__Exercise goal__. Exact duplicates of the lines from the top of the data through the line containing "Дървена картичка с" are needed, with every picture left out.

§ §

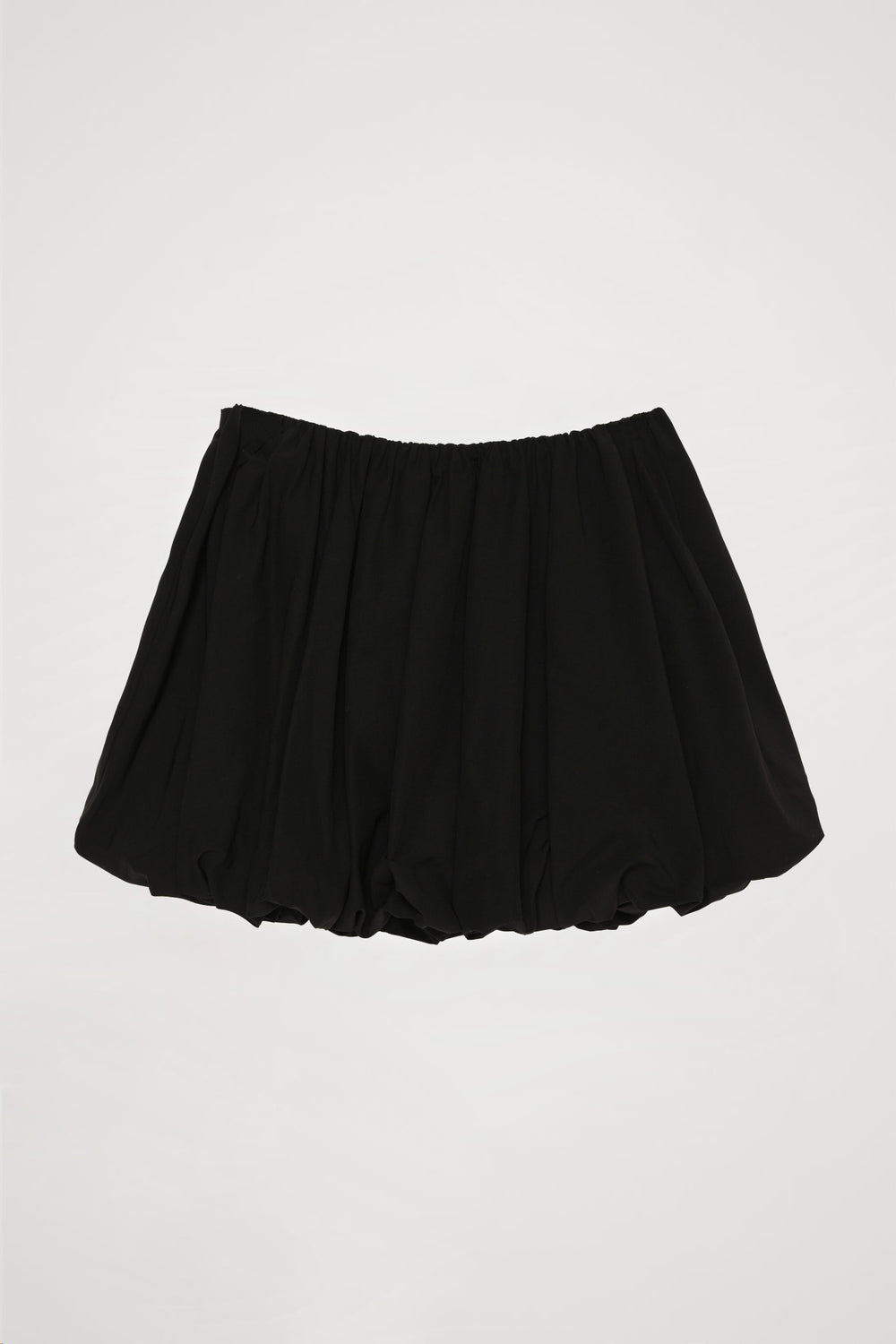 Yüksek bel, lastik bel detaylı, pileli, mini balon etek.
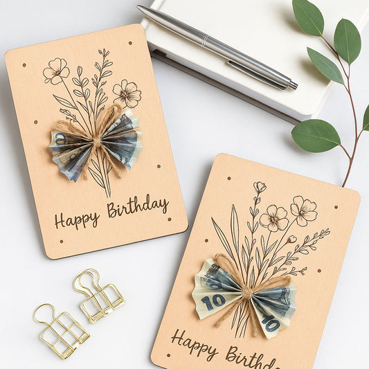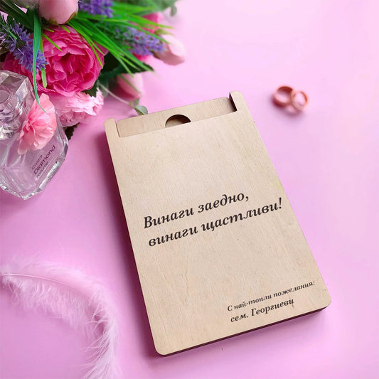 Дървена картичка с панделка от пари – Луксозен подарък за рожден ден с гравирано послание
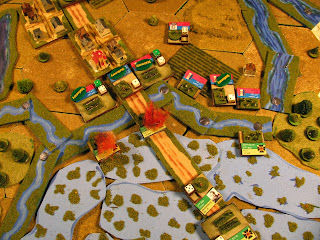 Here is the end of the Prussian 1000 turn the 1st Brigade is still advancing against the Wurttenburg Div and the 2nd Brigade failed on its attempt to cross the stream and is exhausted but the 7th Brigade has just entered the board.
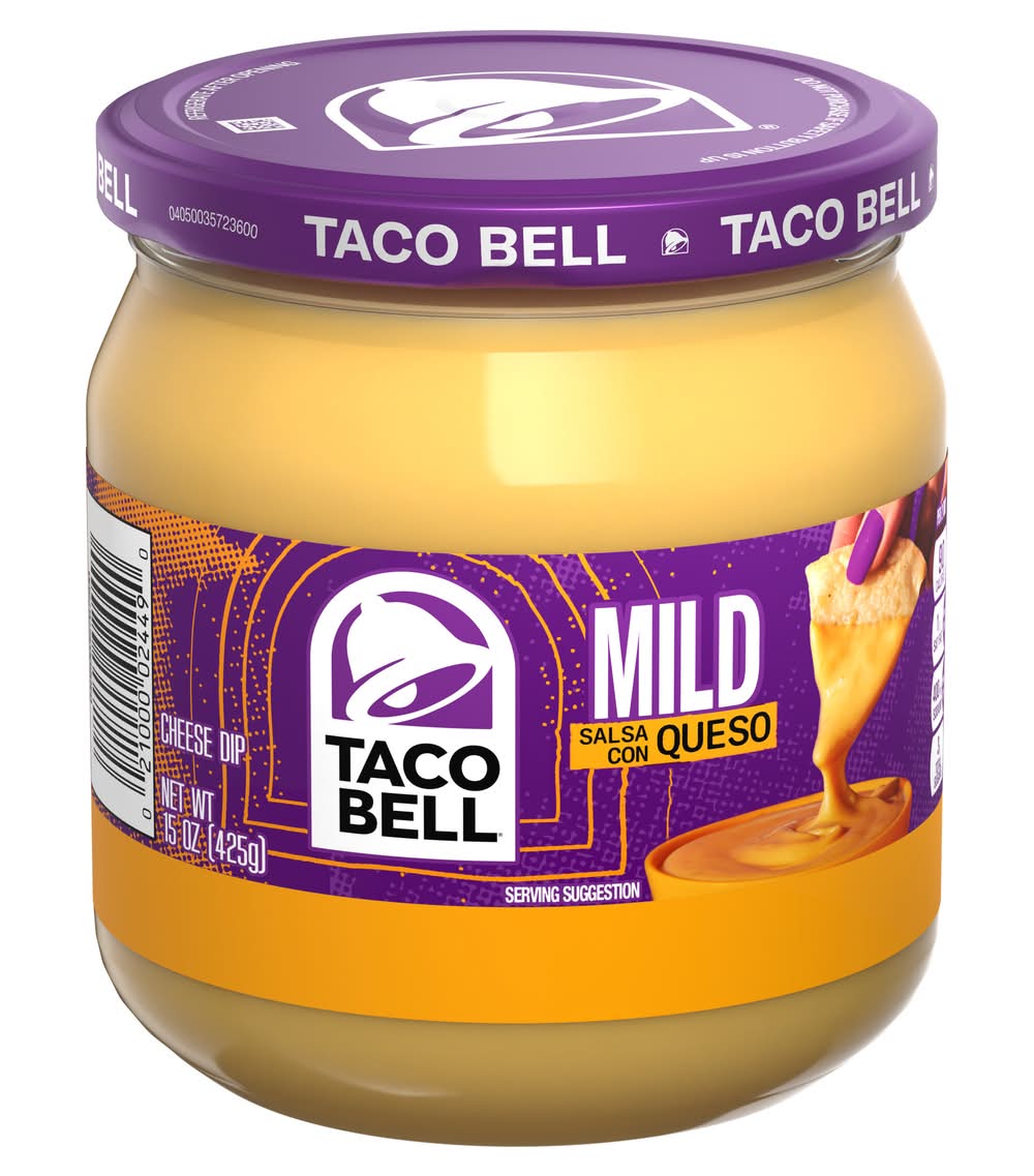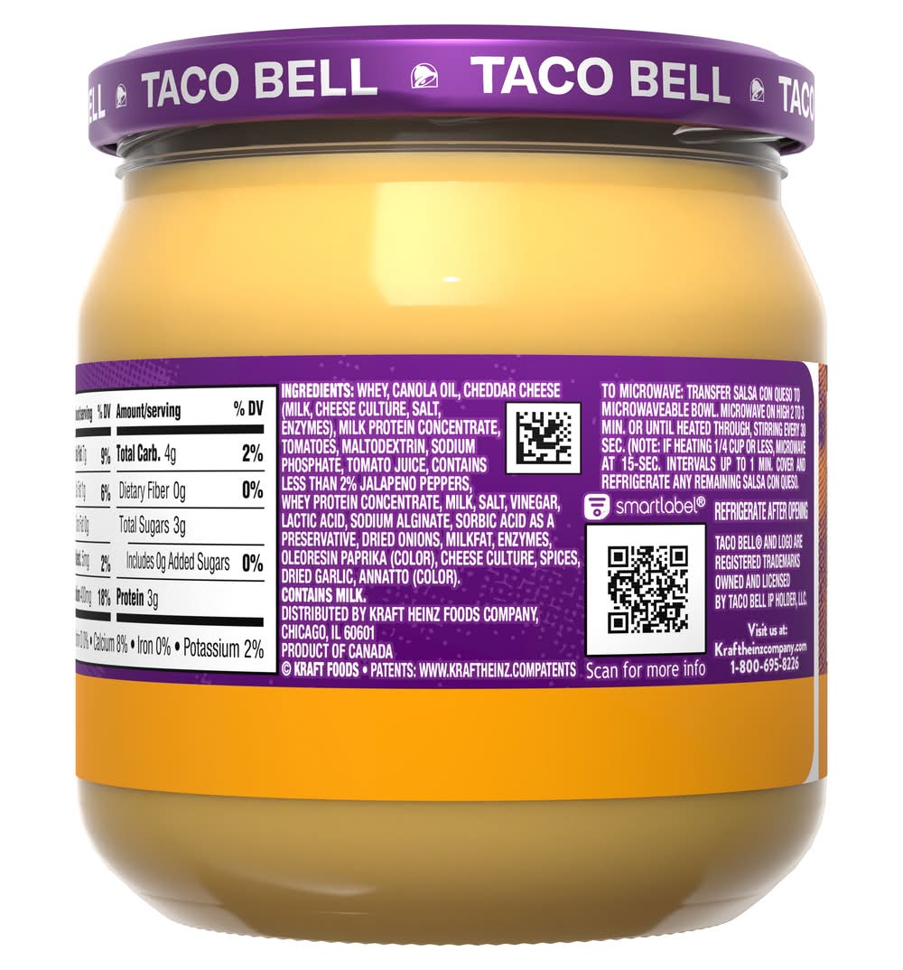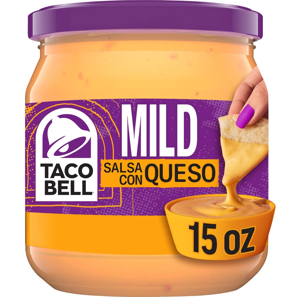 Live más at home with our Taco Bell Mild Salsa Con Queso Cheese Dip. Taco Bell makes mealtime more craveable with our cheesy dip made with zesty salsa, jalapeño peppers and cheddar cheese. Heat up our dip and serve with chips at mealtime, or enjoy our queso dip whenever you're craving a snack. Try our dip as a sauce to add some cheesy flavor to tacos, burritos, quesadillas and more. Each 15-ounce jar contains about 13 servings. Live more fervently, more authentically, more joyfully with Taco Bell. • Size: 15 OZ • Kraft Heinz Foods Company, Chicago, IL, 60601
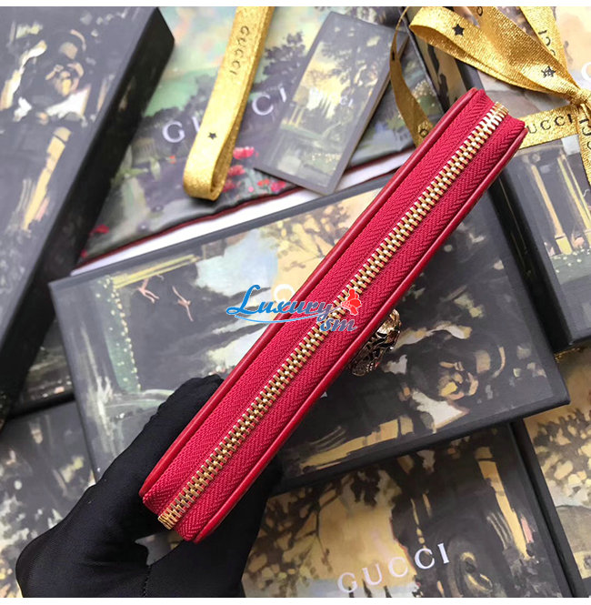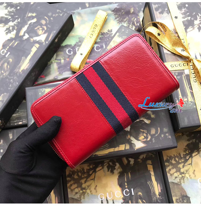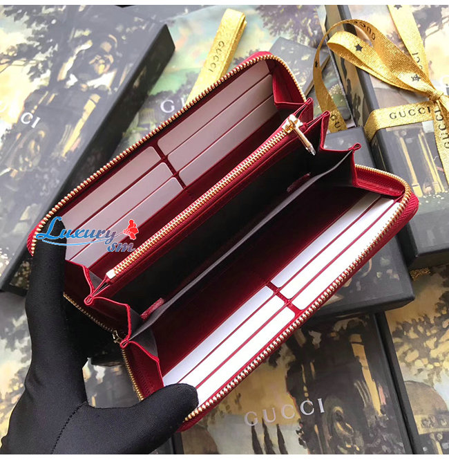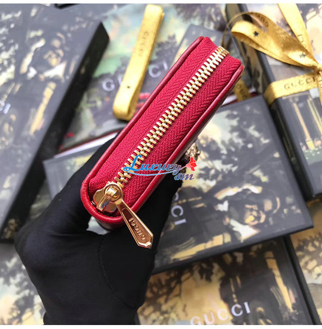 [스페셜오더]GUCCI-573791 8366 구찌 라자 레드 가죽 집 어라운 월릿

§ §

__Task output__.
 Yüksek bel, lastik bel detaylı, pileli, mini balon etek.
 Дървена картичка с панделка от пари – Луксозен подарък за рожден ден с гравирано послание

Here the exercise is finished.